- Living with Diabetes
Myths are fine when it comes to storytelling, but they have no place in your fitness routine. We can find an array of myth, which prevents people from getting the yields of exercise. Here you can see some of them and you will find the truth that lies behind the fiction.
No pain, No gain
This myth hangs on and it is really destructive. Pain is your body’s way to tell you that ‘something is wrong’. If you feel real pain during workout, you shouldn’t push past it, instead, you should slow down or even stop it. This usually occurs when you are dealing with resistance exercises without any professional guidance. To increase muscle and develop endurance you may need to experience a slight level of discomfort but that’s not pain. No pain, no gain
is not good when it comes to developing a lifelong help when experiencing an unusual amount of discomfort. It could signal a serious injury.

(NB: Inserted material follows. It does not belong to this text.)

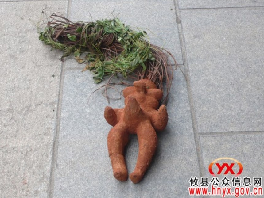 この人型植物(タデ科の植物ツルドクダミ)は、中国江西省萍郷市蘆渓県で鄭さん(64歳)が自宅付近の山で掘り起こしたものだそうだ。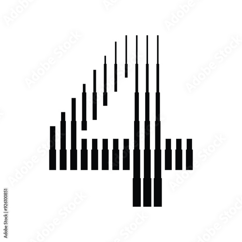 Number 4 logo with modern geometric abstract vertical linear halftone stripe pattern

Running is the best way to get fit
Forget it. There is no best way to get fit. You have to choose what you like or you will find a reason to quit, and you have to start according to your medical status and fitness level. As far as doing it fast is concerned, that is another myth that’s been built into the mass marketing of fitness. (If you are looking for instant success Lose 10 pounds in 10 days! - you are inviting trouble)
. The thing is you have to do the exercise in a systematic and right way to get fit.
If you don’t exercise an hour a day, you might as well do nothing
Don’t believe this. Although strenuous exercise does not improve your aerobic capacity far more than light or moderate workouts do, light exercise is just as good if not better. Studies shows that a half hour walk, three or more times a week significantly reduces your risk of heart attack and stroke, lower blood pressure , relieves stress and boosts your energy and immune system.
It is dangerous for me to exercise, because I am too old
Exercise is beneficial at the age as long as the exercise regimes are tailored to the specific needs of the persons. Exercise helps to cope with osteoporosis, imbalance and lack of co-ordination, low energy levels etc., thereby improving your quality of life. In fact rebuilding the muscle mass and strength which are some of the outwards signs of aging is the secret of rejuvenation. When you rebuild the muscle, endurance and strength you regain youthfulness, stamina, energy and vigour. However you should consult a doctor before you start an exercise programme.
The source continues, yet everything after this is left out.